Both Mayawati and Akhilesh Yadav are resolutely against allowing the Congress to be part of the alliance
Highlights
- SP-BSP combo alone could bring down NDA score to 37: NDTV's analysis
- Congress fighting separately could add 14 more seats to the BJP numbers
- The BJP won 71 seats in the 2014 national elections
New Delhi: The opposition alliance in Uttar Pradesh -- the 80-seat state that's considered the gateway to Delhi -- could have a huge impact on the ruling BJP, data from past elections show. The BJP had swept the state in the 2014 national elections, winning 71 seats. Its ally Apna Dal had added two more seats to the tally.
Data analysis by NDTV's Prannoy Roy shows that the Mayawati-Akhilesh Yadav combo alone could bring down the NDA score in the state from 73 to 37, even if Prime Minister Narendra Modi's popularity is at the level of the 2014 national election.
The addition of Congress to the mix could have deducted another 14 seats from the NDA tally, reducing it to 23 seats, data shows.
The situation remains similar even if data from the 2017 assembly election in the state is crunched:
The current situation in the state, where the Congress has been kept out of the Mayawati-Akhilesh Yadav alliance, could add as many as 14 more seats to the BJP numbers, data shows.
Both Mayawati and Akhilesh Yadav are resolutely against allowing the Congress to be part of the alliance in the state, which means possible triangular contests in most of the 80 seats, and a split in the anti-BJP vote.
Yesterday, Mayawati again gave the Congress the brush-off, responding to its move to leave seven seats for the Samajwadi-BSP Gathbandhan. "The Congress should not create confusion by forcibly trying to leave seven seats for the gathbandhan," Mayawati tweeted.
Her alliance partner Akhilesh Yadav told NDTV that as a big party, the Congress "must try to help the other political parties".
"For instance, they must try to help Mamata Banerjee in West Bengal.

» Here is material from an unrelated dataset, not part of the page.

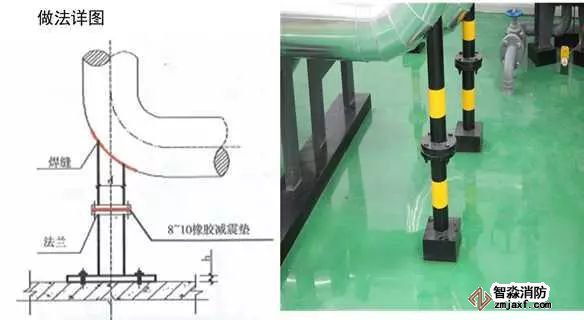 根據(jù)管道公稱直徑大小,選擇不同厚度的鋼板,加工成肋板,校正管道的垂直度,先將肋板底端焊接固定到管道周?chē)闹Ъ苌?,再將肋板?cè)面與管道焊接,檢查焊縫,再次校正管道垂直度,無(wú)誤后,刷防銹漆、面漆,設(shè)計(jì)要求保溫的進(jìn)行管道保溫。

In Delhi, Arvind Kejriwal can fight and they must support them. In Uttar Pradesh, we have an alliance ready, they must support us," he told NDTV.
A section of local leaders of the Congress admit that being a part of the alliance would have taken them closer to the ultimate goal of defeating the BJP. Others remain sanguine. Senior Congress leader Pramod Tiwari said it would have only meant a difference in the margin of victory.
"I have complete confidence that the tally of the Congress and the alliance, taken together, would be 50 to 60 seats. Had we fought together, our tally would have been 90-plus seats and the BJP figures would have shrunk to single digit," he told NDTV.